## To do
Set out word for word the line that contains "Pantalon noir déchiré" and each line after it, through the end of the data below, but exclude the pictures.

## Recorded information
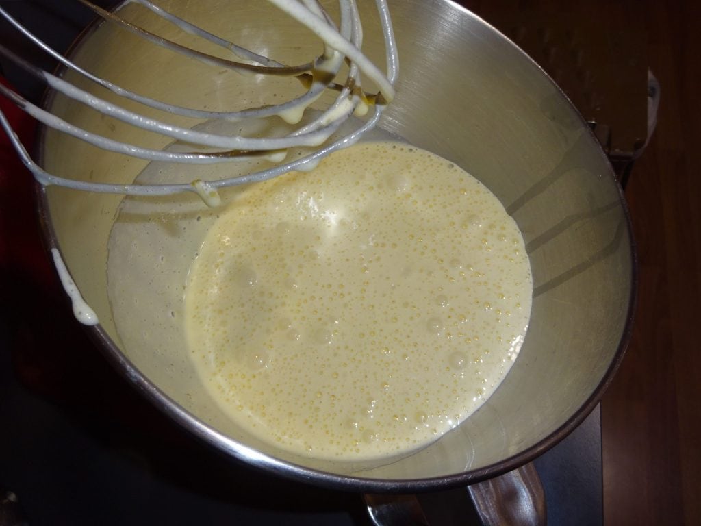 • Start de keukenmachine op middelhoge snelheid en werk het mengsel tot het mooi schuimig is. Dit duurt ongeveer 5 minuten.
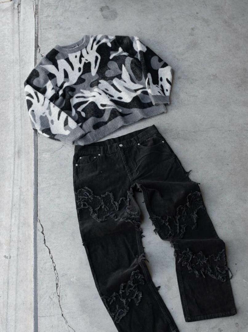 Pantalon noir déchiré avec détails en dentelle. Parfait pour un style streetwear. Associez-le au sweat camouflage pour un look urbain.
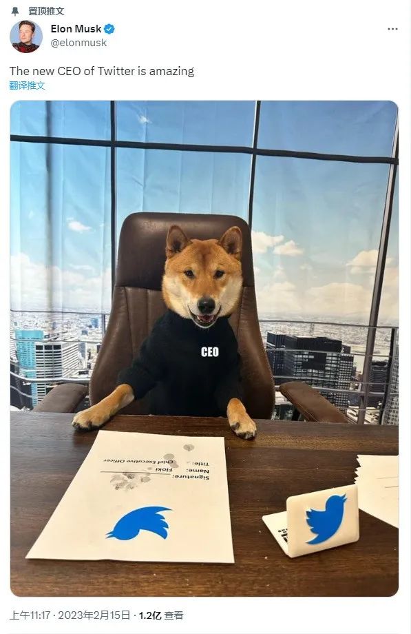 老马发的梗图并置顶的推文,称推特下一任CEO将是Floki,狗子很棒!

## Response box
 Pantalon noir déchiré avec détails en dentelle. Parfait pour un style streetwear. Associez-le au sweat camouflage pour un look urbain.
 老马发的梗图并置顶的推文,称推特下一任CEO将是Floki,狗子很棒!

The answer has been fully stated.